The infer_vector()
method will train-up a doc-vector for a new text, which should be a list-of-tokens that were preprocessed just like the training texts).
And, as you've noted, model.docvecs['my_tag']
will get the pre-trained doc-vector for one of the tags that was known during training.
Checking the similarity of a new vector, against the vectors for all known-tags, is a reasonable baseline way to see what existing tags a new document is similar-to. The closest tag, or closest few tags, might be reasonable labels for an unknown document, as a sort of 'nearest-neighbor' approach.
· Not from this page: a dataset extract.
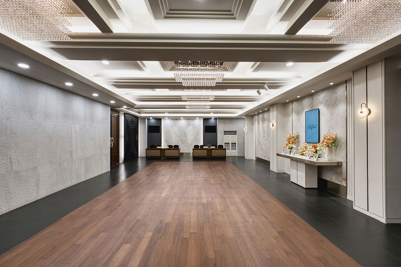 들어오는 순간부터 여유로움과 차분함을 주어 고객님의 품격을 높여 드리는 고품격의 로비라운지에서 하객을 맞이 할 수 있도록 꾸몄습니다. 축하객들을 위해 준비된 넓고 탁트인 로비와 접수대는 감각적인 인테리어와 수려한 조명, 깔끔한 디자인으로 품격있는 공간을 제공합니다. 또한 신랑신부, 하객의 동선을 고려하여 모든 시설물에 이동이 편리합니다.

But, note that the original/usual Doc2Vec
approach is to give each document a unique ID, and let each ID-tag get its own vector. And then, perhaps, use those vectors with known-labels to train some other classifier that maps vectors to labels. (This might work better in some cases, if the "areas of the doc-vector space" that humans associate with a particular label aren't neat radiuses around a single centroid point for each label.)
Your approach of using, or adding, known-labels as doc-tags can often help. But also note that if you're only using 4 unique tags across thousands of documents, that's functionally very similar to just training the model with 4 giant documents – which may not be good at positioning those 4 vectors in a large-dimensional space (>4 dimensions), because there's not so much of the variety/subtle-contrasts that are needed to nudge the trained vectors into useful arrangements. (Typical published Doc2Vec
work uses tens-of-thousands to millions of unique docs and doc-tags.)